• Exercise requirements
Return the following data exactly, with all pictures left out.

• Data provided
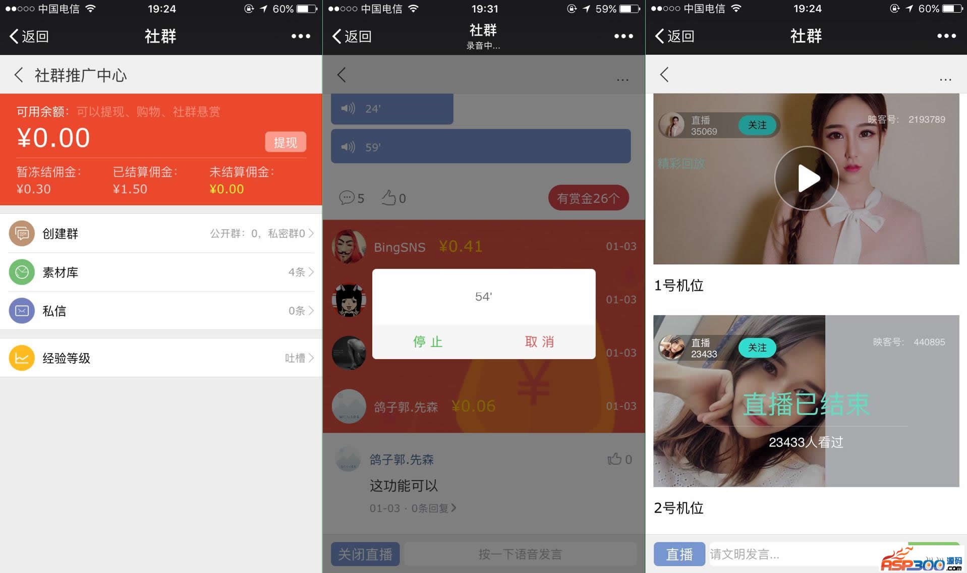 3.在群互动中,群主可以发起语音直播、视频直播(绑定映客)邀请群员一起参与互动,群主也可主动向群员发起实时推送通知,群员也可以主动向下级群员发起实时推送通知,通知内容同群贴一样,可以植入收款、商品购买、活动、悬赏等等……。
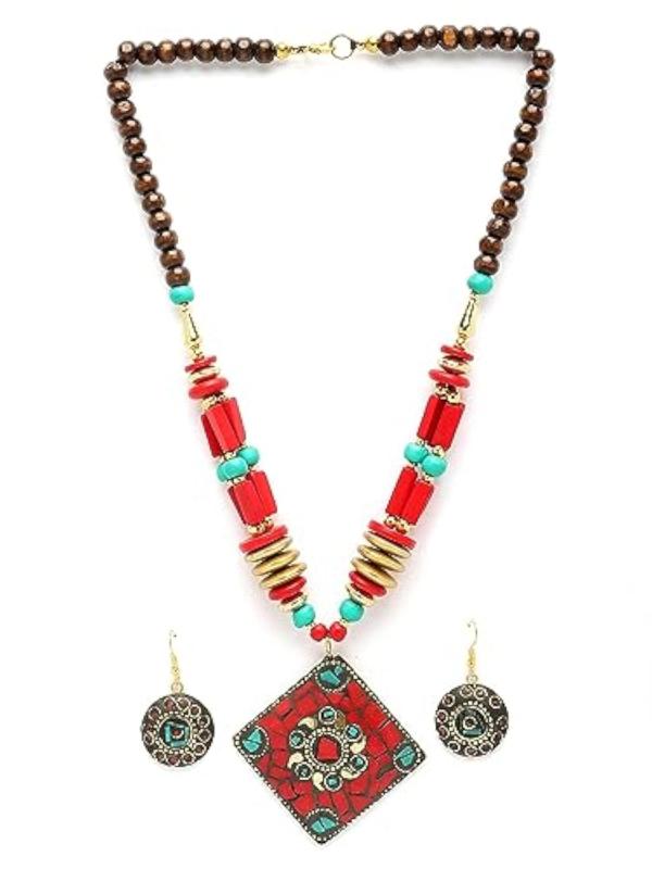 Explore the elegance of traditional Tibetan jewelry with this stylish pendant necklace set. Crafted with oxidised finish, this set is a perfect accessory for any occasion.
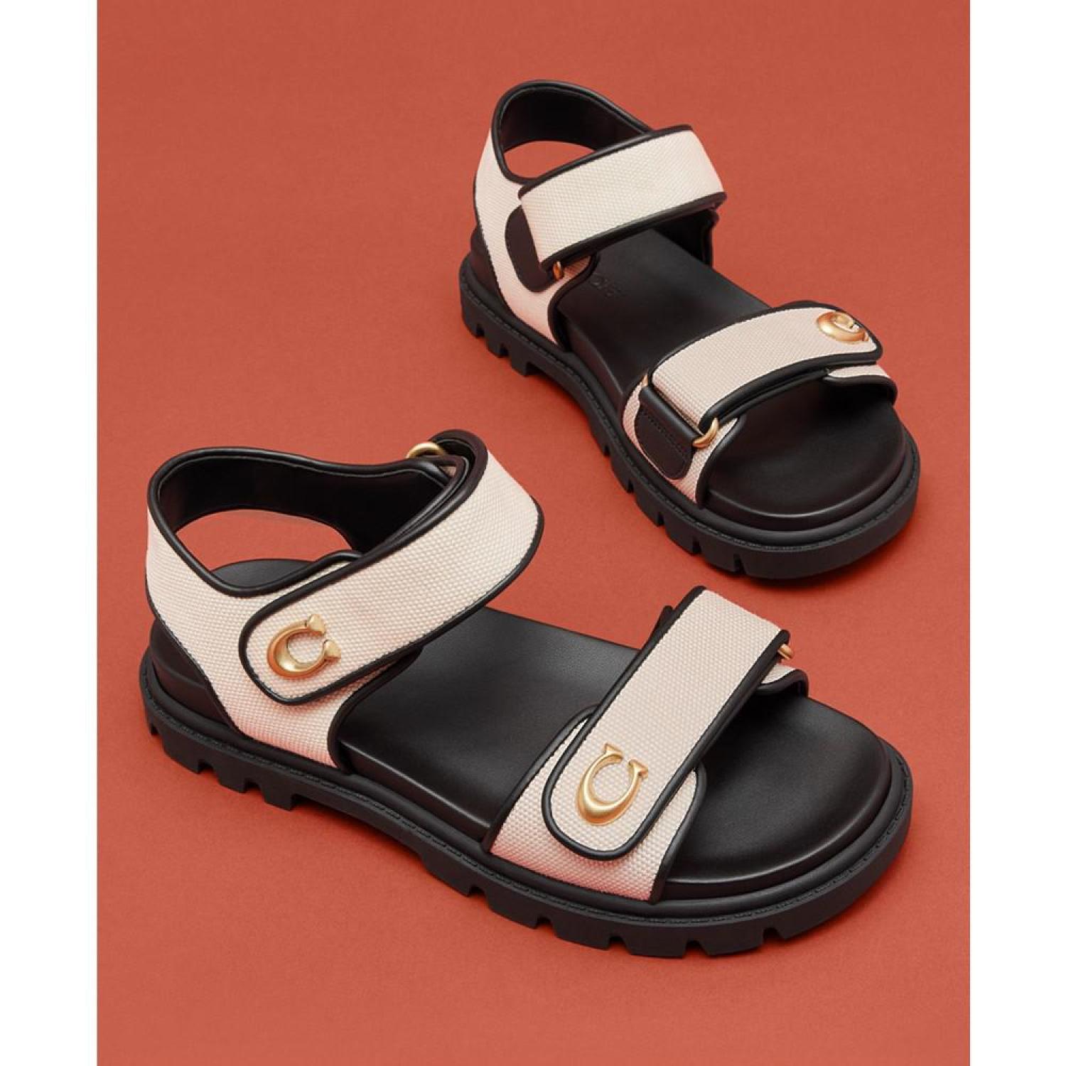 • Sporting lug soles, the Brynn double-band sandals feature signature touches of COACH at the adjustable double bands.
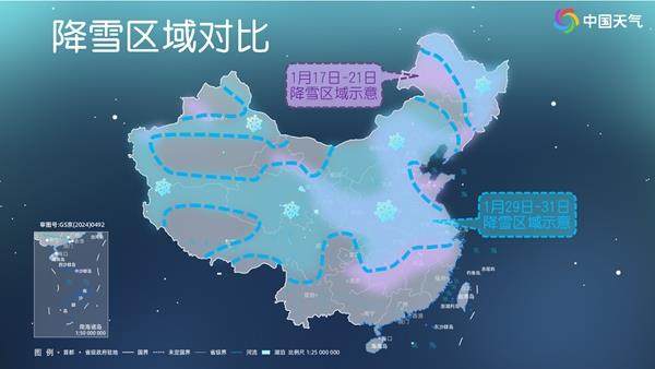 对比此次过程和上轮寒潮带来的雨雪过程,降雪核心区多有重叠。强降雪中心仍集中在河南、山西南部、湖北西部、陕西等地,其中29日,陕西东南部、河南中西部一带可达中到大雪量级、局地暴雪。

• Solution to this problem
 3.在群互动中,群主可以发起语音直播、视频直播(绑定映客)邀请群员一起参与互动,群主也可主动向群员发起实时推送通知,群员也可以主动向下级群员发起实时推送通知,通知内容同群贴一样,可以植入收款、商品购买、活动、悬赏等等……。
 Explore the elegance of traditional Tibetan jewelry with this stylish pendant necklace set. Crafted with oxidised finish, this set is a perfect accessory for any occasion.
 • Sporting lug soles, the Brynn double-band sandals feature signature touches of COACH at the adjustable double bands.
 对比此次过程和上轮寒潮带来的雨雪过程,降雪核心区多有重叠。强降雪中心仍集中在河南、山西南部、湖北西部、陕西等地,其中29日,陕西东南部、河南中西部一带可达中到大雪量级、局地暴雪。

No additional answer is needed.